Now an international team of researchers has built a chip that generates multiple frequencies from a robust quantum system that produces time-bin entangled photons. In contrast to other quantum state realizations, entangled photons don't need bulky equipment to keep them in their quantum state, and they can transmit quantum information across long distances. The new device creates entangled photons that span the traditional telecommunications spectrum, making it appealing for multi-channel quantum communication and more powerful quantum computers.
"The advantages of our chip are that it's compact and cheap. It's also unique that it operates on multiple channels," said Michael Kues, Institut National de la Recherche Scientifique (INRS), University of Quebec, Canada.
Frequency Comb of Time-Bin Entangled Qubits
New device creates entangled photons that span the traditional telecommunications spectrum, making it appealing for multi-channel quantum communication and more powerful quantum computers. (Image: Michael Kues, Institut National de la Recherche Scientifique (INRS), University of Quebec, Canada)
The researchers will present their results at the Conference on Lasers and Electro-Optics (CLEO), which is held June 5 -10 in San Jose, California.
The basis of quantum communications and computing lies in qubits, the quantum equivalent of classical bits. Instead of representing a one or a zero, qubits can exhibit an unusual property called superposition to represent both numbers simultaneously.

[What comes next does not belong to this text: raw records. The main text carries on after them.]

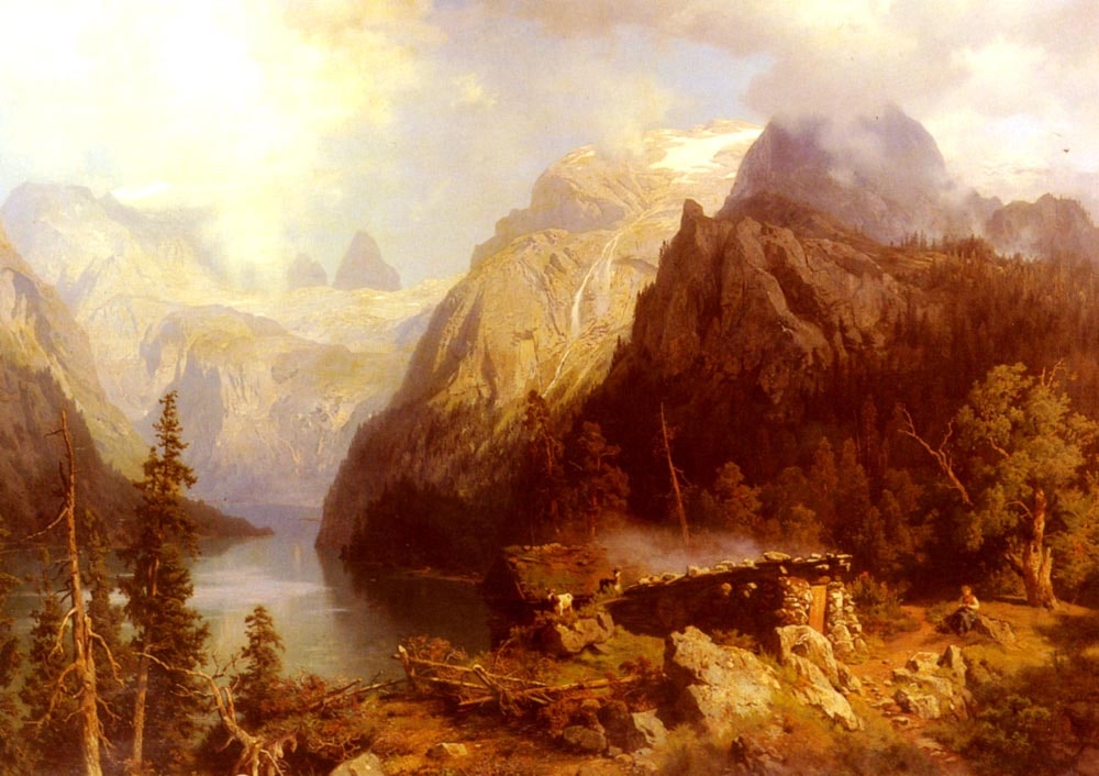 A Shepherdess and Sheep resting by a Lake in an Alpine Landscape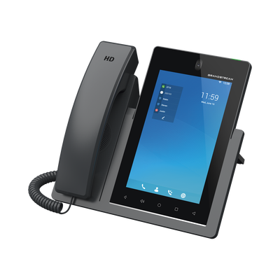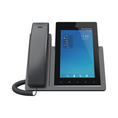El GXV3470 es un poderoso videoteléfono de escritorio para empresas, que ofrece una solución integral de comunicaciones. Este videoteléfono IP brinda una experiencia eficaz gracias a su pantalla táctil capacitiva de 7 pulgadas con una resolución de 1280 x 800 pixeles, cámara inclinable de megapíxeles avanzados, micrófonos duales y soporte para videoconferencia HD. El GXV3470 incorpora dos puertos Gigabit con PoE/ PoE+, Wi-Fi 6 y soporte Bluetooth 5.0 integrados. También ejecuta Android 11 y ofrece acceso instantáneo a cientos de miles de aplicaciones para Android. Gracias a la combinación de un novedoso videoteléfono IP, una solución avanzada de videoconferencia y la funcionalidad de una tableta Android, el GXV3470 ofrece a las empresas de todo el mundo una solución eficaz de comunicación de escritorio y productividad.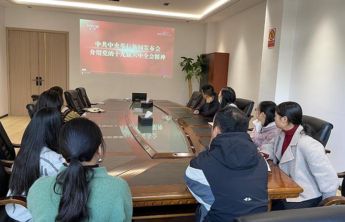 會上,大家觀看了百集微紀錄片——《百年黨史潮青年》,緊接著學習了黨的十九屆六中全會精神。

In order to take full advantage of superposition to perform difficult calculations or send information securely, another weird quantum mechanical property called entanglement enters the picture. Entanglement was famously called "spooky action at a distance" by Albert Einstein. It links particles so that measurements on one instantaneously affect the other.
Kues and his colleagues used photons to realize their qubits and entangled them by sending two short laser pulses through an interferometer, a device that directs light beams along different paths and then recombines them, to generate double pulses.

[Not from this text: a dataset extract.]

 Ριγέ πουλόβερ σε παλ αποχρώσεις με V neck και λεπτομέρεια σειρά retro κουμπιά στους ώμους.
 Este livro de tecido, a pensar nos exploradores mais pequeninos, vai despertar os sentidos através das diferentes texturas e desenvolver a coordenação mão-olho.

To generate multiple frequencies, Kres and his colleagues sent the pulses through a tiny ring, called a microring resonator. The resonator generates photon pairs on a series of discrete frequencies, using spontaneous form-wave mixing, thus creating a frequency comb.

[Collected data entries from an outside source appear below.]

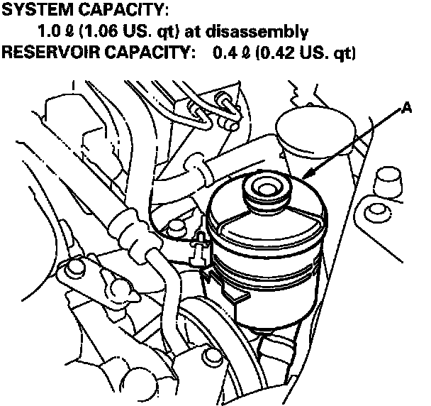 ReplacementCheck the reservoir (A) at regular intervals, and add the recommended fluid as necessary. Always use Honda Power Steering Fluid. Using any other type of power steering fluid or automatic transmission fluid can cause increased wear and poor steering in cold weather.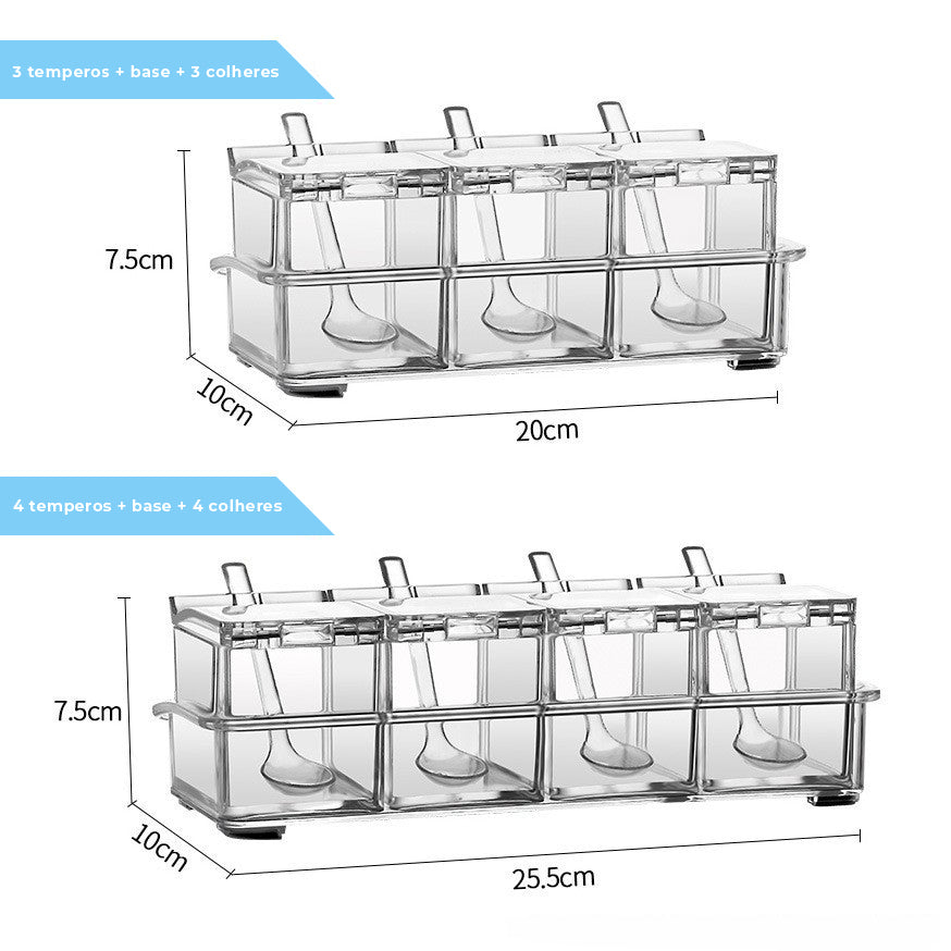 Cada pote possui tampa individual que evita mistura de aromas e mantém os temperos bem conservados. Acompanha colher exclusiva para cada compartimento.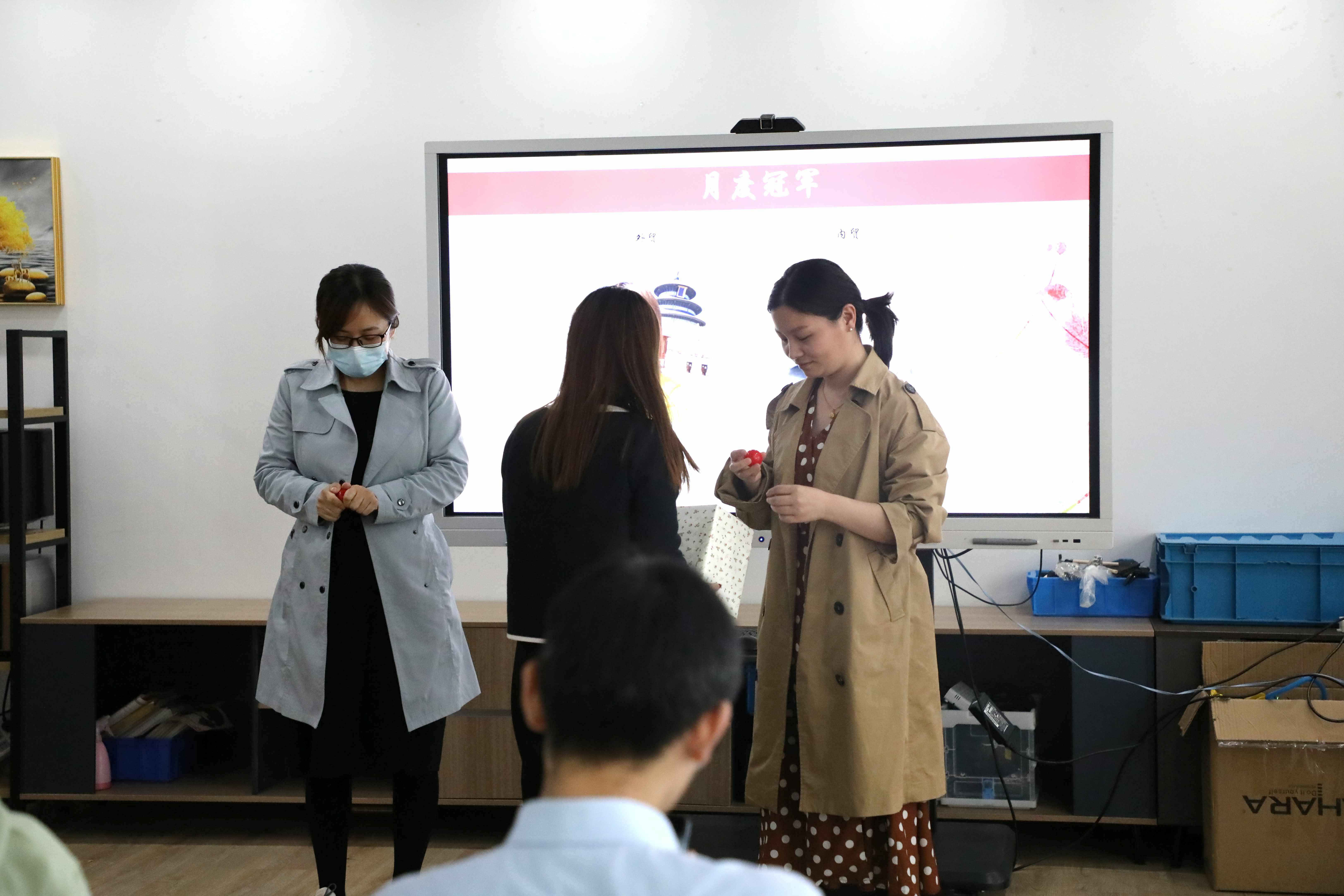 本次月会一共五个环节,第一部分是迎新环节,第二部分是领导致辞,第三部分是月度冠军表彰环节,第四部分是生日会,第五部分是游戏环节。

The interferometer the team used has one long arm and one short arm, and when a single photon comes out of the system, it is in a superposition of time states, as if it traveled through both the long arm and the short arm simultaneously.
Time-bin entanglement is a particularly robust form of photon entanglement. Photons can also have their polarization entangled, but waveguides and other types of optical equipment may alter polarization states.
Other research groups have generated time-bin entangled photons, but Kues and his colleagues are the first to create photons with multiple frequencies using the same chip. This feature can enable multiplexed and multi-channel quantum communications and increased quantum computation information capacity.
Kues notes that the chip could improve quantum key distribution, a process that lets two parties share a secret key to encrypt messages with theoretically unbreakable security. It could also serve as a component of a future quantum computer.
"In the future you may have a computer with both quantum and classical capabilities. The quantum part would only be used to solve specific problems that are difficult for classical computers," said Roberto Morandotti, a physicist at INRS and leader of the group that developed the chip.
Before quantum computers reach a desktop near you, they need to be scaled down, in terms of size, and scaled up, in terms of computing power. Morandotti, Kues and colleagues think their chip is a step in the right direction.
The team is currently working to integrate the lasers, interferometer, and microring resonator of the device into a standard photonic chip, to build logic gates for quantum state manipulation, and to increase the degree of entanglement, which is a measure of the strength of the link between particles.